Will the use of machine learning result in a major breakthrough in physics (including cosmology and astronomy) by Dec 31, 2025?
A major breakthrough is defined as a major change in the consensus or the closing of a long standing open problem. Examples: settling the issue of the existence and nature of dark matter or dark energy, unifying gravity with the other three forces, discovering magnetic monopoles, determining that the correct interpretation of quantum mechanics is superdeterminism, etc.
The breakthrough must be in the science itself, not just a speedup or incremental improvement of existing methods; it should result in us learning something fundamentally new about physical reality. AI must be key for the breakthrough, such that without AI it would conceivably never have occurred on this timescale.
@ArmandodiMatteo Right. The existence of superconductors would qualify; having made a specific superconductor that works at T=300K would not as there is nothing special about that temperature except for human preferences, unless you had to learn something that upends our understanding of superconductivity to be able to make this new superconductor
>such that without AI it would conceivably never have occurred
How should it be understood? This sounds like the AI has to be an AGI more powerful than existing departments full of scientists?
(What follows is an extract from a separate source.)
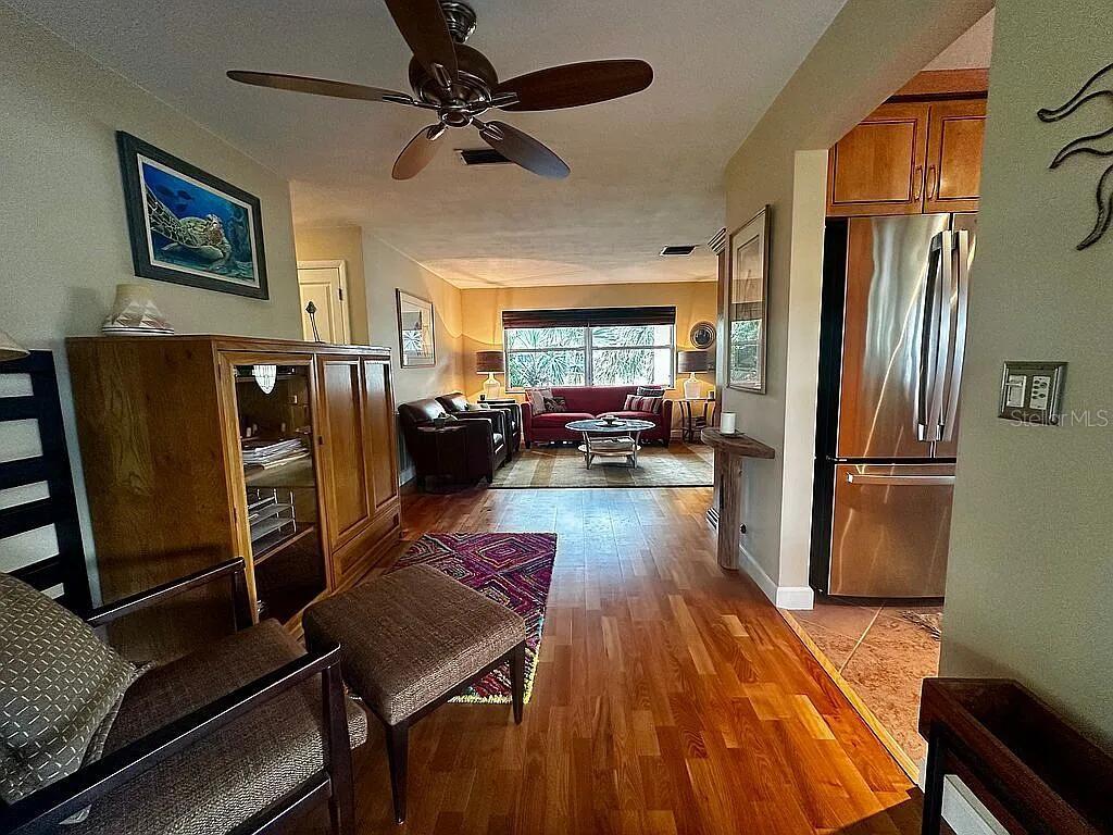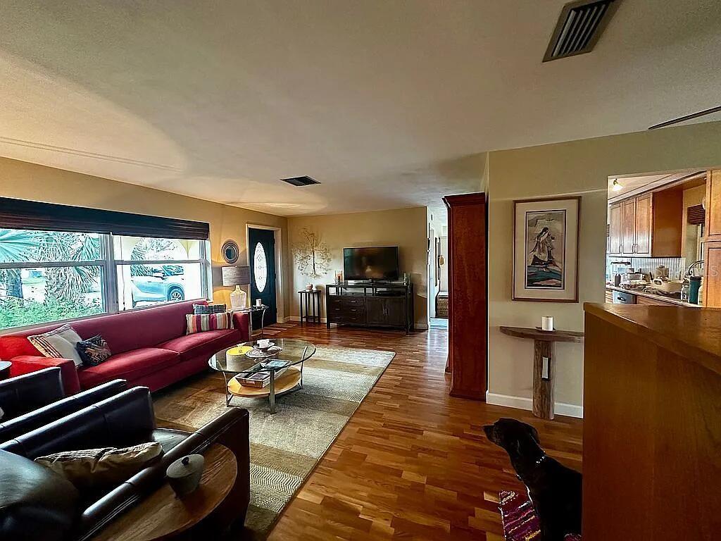 Elevated Waterfront Gem on Allen's Creek (Tampa Bay access), appraised at $496K. A Nature Lover's Dream - dock with room for 20+ ft boat and room for a pool! Tucked away on the tranquil brackish waters of Allen's Creek, this charming 2-bedroom, 1-bathroom home with an attached 1-car garage offers a unique blend of modern comfort and natural beauty. With approx 100 feet of waterfront where manatees and dolphins play, this property is a slice of paradise. The expansive lot is beautifully landscaped with mature trees front and back yard, FL native landscaping. It's great for outdoor activities such as fishing, boating, paddleboarding or kayaking and entertaining via the large screened in back porch. Inside, you'll find a renovated kitchen, Stainless-Steel Appliances, including a refrigerator, dishwasher, stove with a vented range hood, solid wood cabinets and granite countertops. The bright and airy dining room looks out to the open backyard patio. The spacious floor plan includes solid wood floors, tile with new lighting fixtures and ceiling fans. Two large bedrooms with privacy and comfort. Recent upgrades include a whole house water filtration system, hurricane shutters, updated windows and ceiing sun window in bath. The expansive backyard features a patio for relaxing and entertaining, and a reclaimed sprinkler system to maintain the lush landscape. Located just over a mile away from Eagle Lake Park with its 162 acres of amenities, and under 2 miles from Largo Central Park with a community center and a library next door, this home offers convenient access to many activities. Enjoy nearby beaches like Belleair, Sand Key and Clearwater, explore the Clearwater Marine Aquarium and marina, as well as a quick route to the St Pete and Tampa International airports. With a variety of restaurants and spring training fields within easy reach, this home on Allen's Creek is a rare find. The major added bonus is how elevated the land is, so no worry about flooding while enjoying water living!

@MrLuke255 Not necessarily, it can be an AI tool that enables a group to obtain radically new results that would otherwise have been impossible without the tool. To make this more concrete, let’s think of general relativity and tensor calculus. Without the ability to manipulate tensor quantities it would still be possible to develop the relevant intuition (principle of equivalence and all that) but not to turn it into an actual testable theory, not in full generality at least. Now imagine that humans are unable to calculate with tensors, which is not that far fetched if you ever tried to compute say the Christoffel symbols given a metric by hand. But Mathematica can do that easily. You get the idea.
@mariopasquato I'm not entirely sure I understand. So at the end of the day you will make a final call, subjectively?
AI must be indispensabile for the breakthrough, such that without AI it would conceivably never have occurred.
This seems likely a far too extreme requirement. Ex: the possible worlds where we stop AI development due to risks and spend effort biologically improving ourselves, and also manually designing far better non-AI problem solving tools can conceivably get much/all of what AI can get possibly bar superintelligence levels.
@mariopasquato I edited the description to make this clearer. “Never have occurred” -> “Never have occurred on this timescale”.
@mariopasquato If it is just for the next two years, then yeah we aren't biologically improving ourselves that much so soon.
(I think there's potential big improvements possible in theorem proving, but probably not in two years either)
I was coming from your other market https://manifold.markets/mariopasquato/conditional-on-a-major-breakthrough?r=bWFyaW9wYXNxdWF0bw which I interpreted as being mostly unbounded but now I realize is also 2025. Oops.
The definition of "AI" in use is also going to play a huge role. If curve fitting is AI, then it is highly likely this will play a role. Less likely but still quite plausible: use of machine-learning based tools to semi-automatically annotate large number of images and the annotations forming a basis for new discoveries (e.g. using Galaxy Zoo crowdsourced annotations as training corpus). Would that count as AI? And would that be considered only a "speedup" (in principle you could just hire thousands of people to do the image analysis manually)? If the requirement is rather that AI is only something that is actually "thinking" and formulating theories/experiments/... then IMHO very likely NO.
@MartinModrak Curve fitting with a limited number of parameters on a handful of data points has been around since Gauss. What makes machine learning machine learning is subjective but at a minimum I would require models where the number of parameters makes it unacceptable to judge goodness of fit on the training data itself, requiring a train/validation split.
@WesleyJB I would also resolve yes in the following scenario: an anomaly detection algorithm sifts through the 15 terabyte per night produced by the LSST telescope finding a handful of sources with unexpected behavior, resulting in a refutation of established theory (say abandoning Lambda-CDM in favor of modified gravity).
So this project would qualify, if it pans out and the anomaly they observed genuinely leads to a discovery of a new particle?